Сначала я думал, что кулики-турухтаны боятся меня или пугаются зверя, хищной птицы, но турухтаны оставляли всякий раз только что выбранное для игр место без видимых причин, и я вынужден был считать, что эти постоянные перемещения тоже были особым условием их игры-тока. А может быть, занятные, непоседливые птицы облетали все луговинки и болотники не зря, может, во время таких облетов они знакомились с местами будущих гнездовий, куда очень скоро, оттоковав дружной стайкой, вернется только парочка куликов, чтобы устроить свое гнездо…

Сизые чайки, видимо, заранее знали, где суждено им обзавестись потомством, где ждут их заботы и волнения, и, возможно, поэтому сразу не торопились к семейному дому. Собравшись на лужке у края весеннего разлива, эти птицы рассаживались по кочкам среди прошлогодней стеблистой травы, и издали могло показаться, что они просто отдыхают. Но, заметив на лужке чаек, я оставлял все дела и терпеливо ждал, когда чайки приступят к своим ритуальным танцам.

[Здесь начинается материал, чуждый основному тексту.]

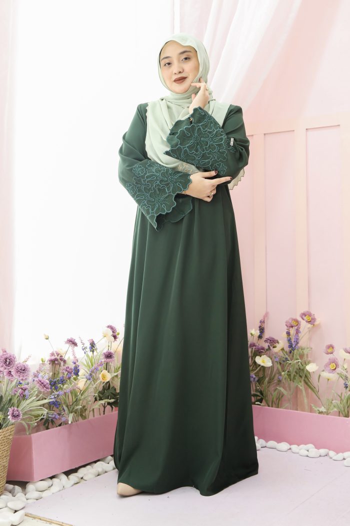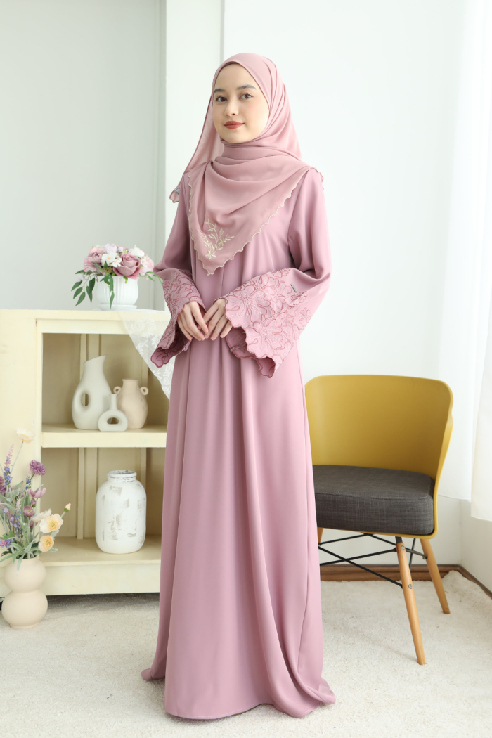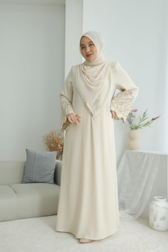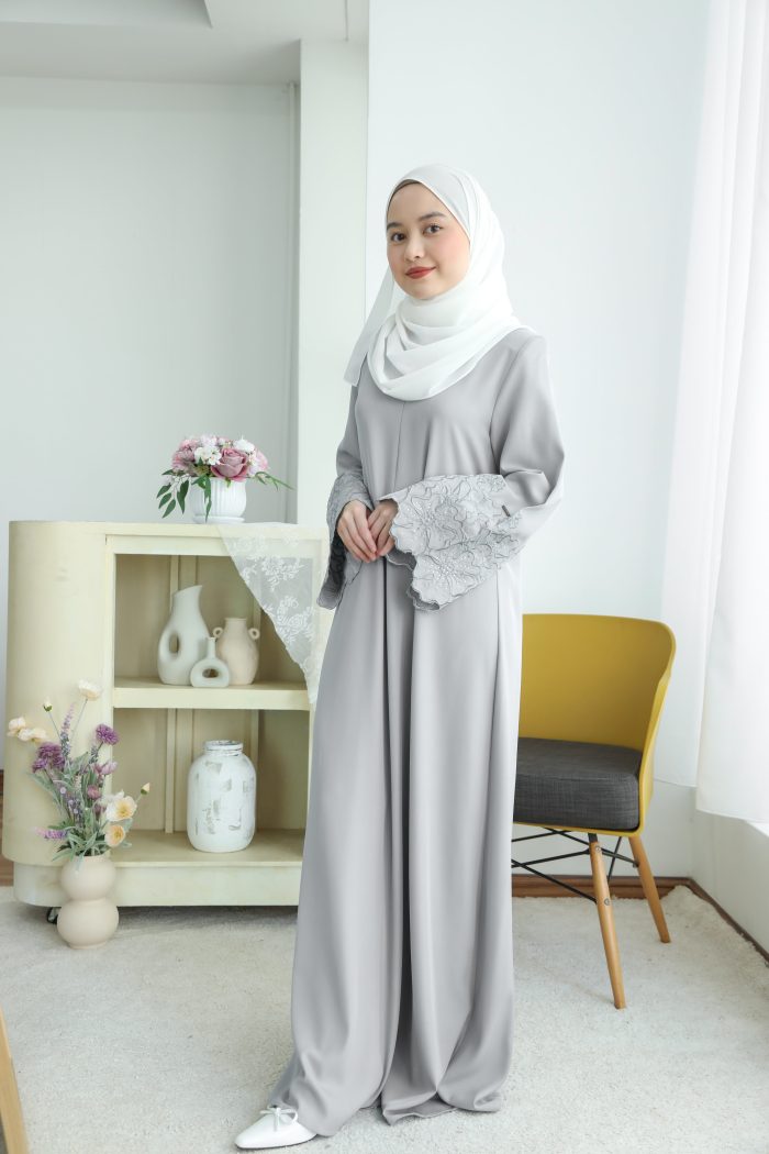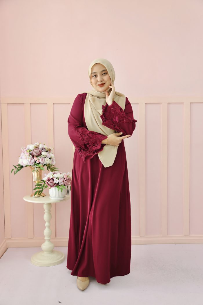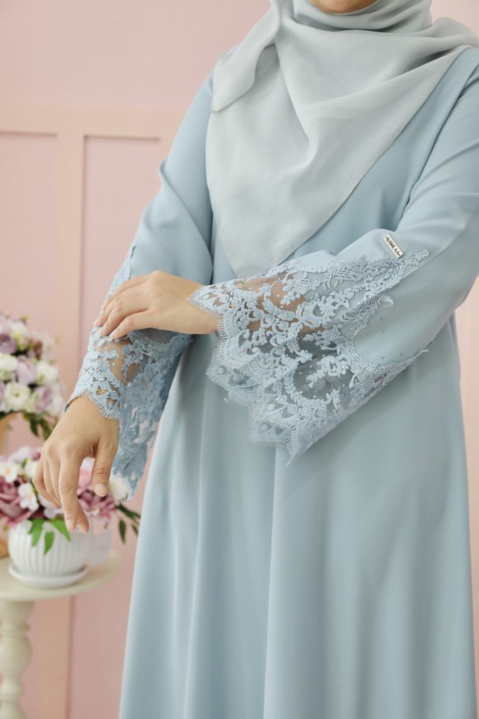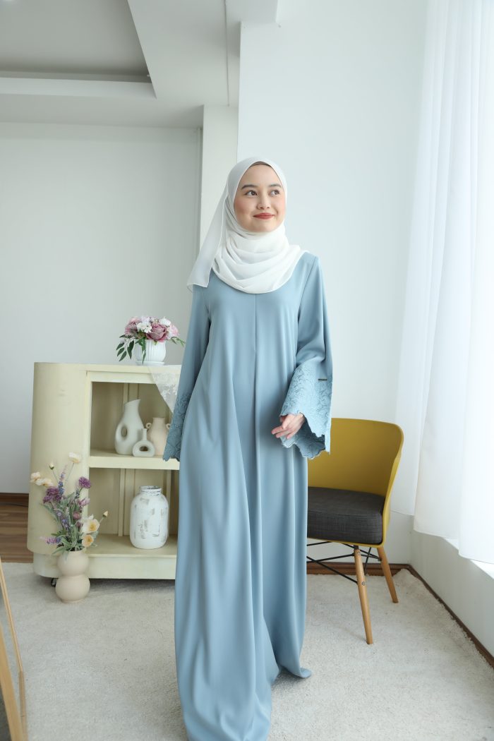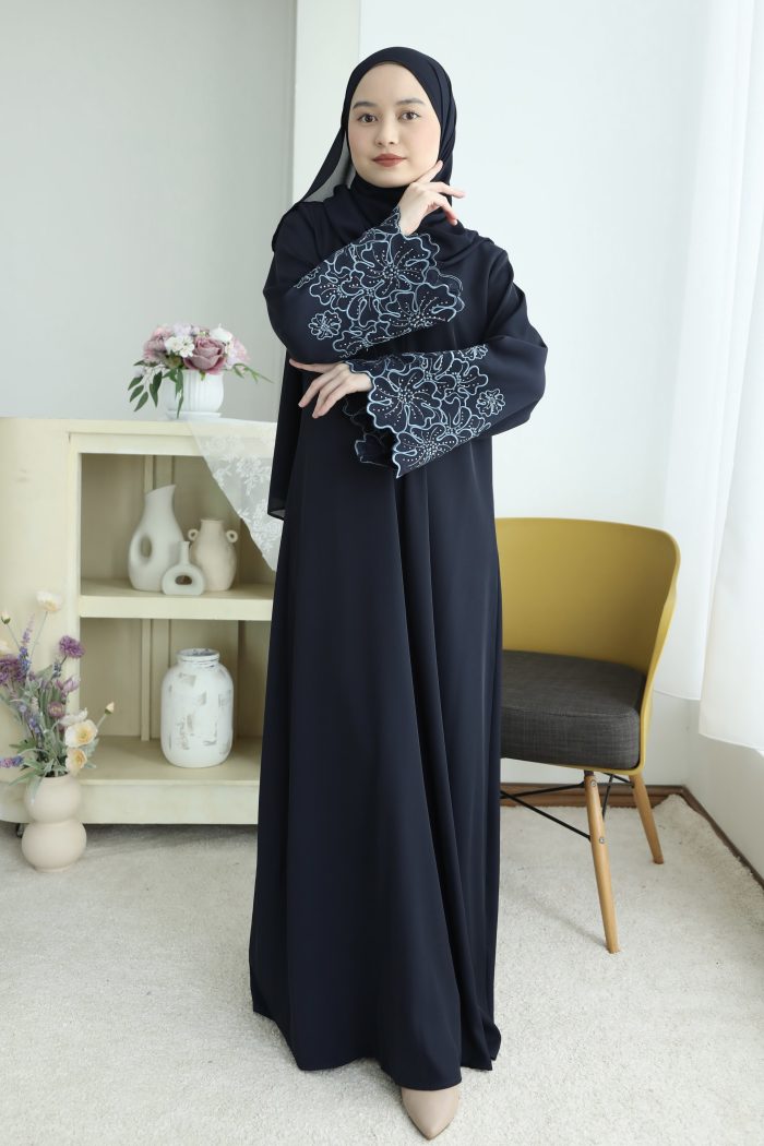 ABAYA AMANDA Code : JBH 8852 Colour : Off White Soft Nude Silver Grey Dusty Blue Dusty Pink Maroon Brick Orange Coco Brown Emerald Navy Blue Black Material : Matte Dubai Embellishment : Embroided Lace Cutting : A-Cut

Собственно говоря, танцами, как таковыми, сизые чайки не увлекались. Лишь изредка одна из птиц, высоко подняв голову и быстро-быстро перебирая лапками, устремлялась к соседу, то ли желая объяснить ему что-то на своем языке жестов, то ли просто норовя прогнать непрошеного гостя, который либо как-то отвлекал танцора своим присутствием, либо претендовал на что-то большее, чем положено было претендовать другой птице именно у этой кочки, именно у этого клочка прошлогодней седой травы…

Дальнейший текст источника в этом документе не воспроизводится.